Ася продолжает жадно выпытывать:
— Ты говоришь про РВС Южного. А Сокольский? Ведь он за нас! Он настаивал, чтоб Сергей Кириллович получил корпус.
Как же объяснить, что люди в этих условиях — смертной битвы — действуют не под влиянием чувств, симпатий или антипатий, а под воздействием мощных и высших сил, можно назвать их историческими, можно роковыми. Что значит: за нас? (Бог ты мой, почему же нас ? Так быстро? Так окончательно?) Не в нас дело, а в том, что Дон погибает, нужно его спасать. Тут отчаяние… Риск велик, но и какой-то шанс. У Сокольского мозги поживей, а у Купцова и Хуторянского мышление заскорузлое, вот и разница. Но обольщаться, будто бы он за нас , не стоит. Всего этого говорить нельзя. Я киваю: да, да, разумеется, Сокольский настаивал, слал телеграммы. (А что было делать?) Мое истинное понимание: тут огромная путаница! Я запутался. Одно понимание соединилось с другим, они напластовались, нагромоздились друг на друга, впаялись в течение лет друг в друга. Теперь, спустя жизнь, неясно: так ли я думал тогда? Так ли понимал? Все понимания перемешались. Нет, летом девятнадцатого было что-то иное. Оттого и разговаривал с Асей опасливо, недоговаривая, что во мне тоже сидела частица зла, которое потом растерзало его, — недоверие. Ну, может, ничтожная, едва видимая частица… Немногие были от этой мути избавлены. Ах, все это сегодняшнее, сегодняшнее! Спустя жизнь! А тогда — то, да не то… Тогда… Весна девятнадцатого: наступает Деникин, полыхает восстание… Мигулина отзывают в Москву, в Смоленск… Тогда: акт недоверия есть как бы подтверждение правоты недоверия, и не надо никаких доказательств. Убрали — значит, есть повод . Оставлять Мигулина на Дону во время казачьего бунта? Пустить козла в огород? Не понимая того, что он сделал бы все, что мог, жизнь бы положил, чтобы остановить, погасить… Потому что все было отдано этому… Другой жизни не было… Его беда — все орал напрямик. И отстаивал с пеной у рта, с шашкой наголо. Даже то, в чем разбирался худо. Он орал о народном представительстве. Орал о максимализме. Орал об анархо-коммунистах. Он орал на митингах о том, что не все комиссары отважны и благородны, попадаются трусы. Орал о том, что не все бедняки — добрые люди, есть злодеи и душегубы. И еще орал о том, что хочет создать на Дону народную крепкую власть, настоящую советскую власть, как указывают товарищ Ленин и товарищ Калинин, без генералов и помещиков, с большевиками во главе, но без комиссаров.

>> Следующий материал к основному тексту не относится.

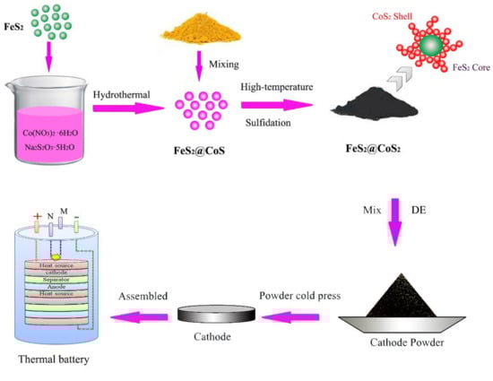 As a semiconductor, transition sulfides possess good conductive properties and are relatively ideal cathode materials for thermal batteries [8,9]. Among them, natural pyrite FeS2, with its high discharge voltage (about 2.1 V), high theoretical capacity (1206 As/g), stable performance, and low price, is a mature cathode material for industrial applications [9]. However, FeS2 will violently decompose into Fe7S8 and S2 at 550 °C, resulting in low output capacity [6,10]. Additionally, the decomposed sulfur vapor produces a severe thermal effect with the anode and other substances in the batteries, and short-circuit combustion can occur in serious cases. By comparison, the synthetic pyrite type CoS2 cathode material, with high thermal stability (decomposition temperature of about 650 °C) [11,12,13], high conductivity, and low polarization under a high current density, is considered an ideal alternative to FeS2. CoS2 material has many defects, such as a relatively low discharge voltage (about 2.0 V) and theoretical capacity (1045 As/g), artificial synthesis, and a high price [8]. Hence, the development of cathode materials with a low cost and specific characteristics for thermal batteries has attracted extensive interest among scholars [14,15]. As a cathode material, NiCl2 has a high power density [4,16,17,18], but easily dissolves in halogen salt electrolyte, leading to a short working time and slow activation speed [19,20]. The performance of the CoS2 surface is improved by C coating, but this requires a complex production process [12,21]. The new cathode (MnO2, Cu2O) can only be applied at a low current density and does not tolerate a high current environment [22,23].
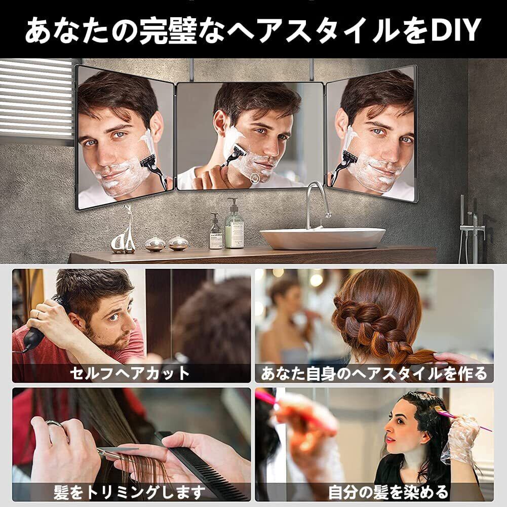 【三面鏡】セルフカット 鏡、360度回転により、あらゆる角度から頭と顔などを快適に見ることができ、毎回完璧なDIYヘアカットを得ることができるでしょう。卓上での使用もでき、座ってメイクやヘアセットを行う場合にも使える万能型です。(保護フィルムを剥がしてからご使用ください。)

И от этого оранья иных брала оторопь. Другие чесали в затылке. А некоторые говорили: «Ну хорошо, пускай, но мы дадим ему войско…» И еще вот что: полководческое тщеславие. Весной девятнадцатого в России бурлят полководческие знаменитости — наши, белые, зеленые, черные… Командир полка, бывший унтер Маслюк, не может спокойно слышать имени Мигулина. Губы сжимаются, желваки на широких скулах ходят, и шрам поперек лба — след австрийского тесака — белеет. Ничего дурного не говорит Маслюк о Мигулине, потому что никаких слов о Мигулине — ни добрых, ни злых — язык Маслюка выговорить не может. И дело не в том, как думают, что Мигулин — донской казак, а Маслюк — крестьянин воронежский, и не в том, что один унтер, а другой подполковник, а в том, что чужая слава холодит горло, как нож…
Но я не говорю Асе про Маслюка, хотя он-то и есть недруг, потому что не догадываюсь. Все это понимается не сразу. Разговор наш закончился радостным шепотом, счастливым сиянием в глазах:
— Он стал неузнаваем! Совсем другой человек… Господи, как я рада, что нам дали корпус! — И вдруг опять озабоченно: — А как твой Шура относится к Сергею Кирилловичу?
Я говорю: он его уважает.
Но то, что начиналось так хорошо… Первые несколько дней… О да, хорошо, бойко, ходко, напористо! Мобилизация, обучение, стрельбы, митинги, речи, сочинение ночами и печатание Асей под диктовку на «ундервуде» горластых, зажигательных листовок, которые он подписывает — «Гражданин станицы Михайлинской, казак Области войска Донского С.К.Мигулин». Вот лист с нашлепанными на одной стороне фиолетовыми квадратиками для обертки конфет Бутурлиновской конфетной фабрики, на другой стороне с воззванием: «К беженцам Донской области». Его стиль: «Граждане казаки и крестьяне! В прошлом году многих из вас красновская контрреволюционная волна заставила оставить родные степи и хаты. Много пришлось пережить и выстрадать… Если одолеет генерал Деникин, спасения никому нет. Сколько ни катись, сколько ни уходи, а где-нибудь да ждет тебя стена, где прикончат тебя кадетские банды… Но если одолеем мы… Итак, граждане изгнанники, все ко мне!.. Бойтесь, если мертвые услышат и встанут, а вы будете спать! Бойтесь, если цепи рабства уже над вашими головами!» И концовка сочинения, конечно же, замечательная: «Да здравствует социальная революция! Да здравствует чистая правда!»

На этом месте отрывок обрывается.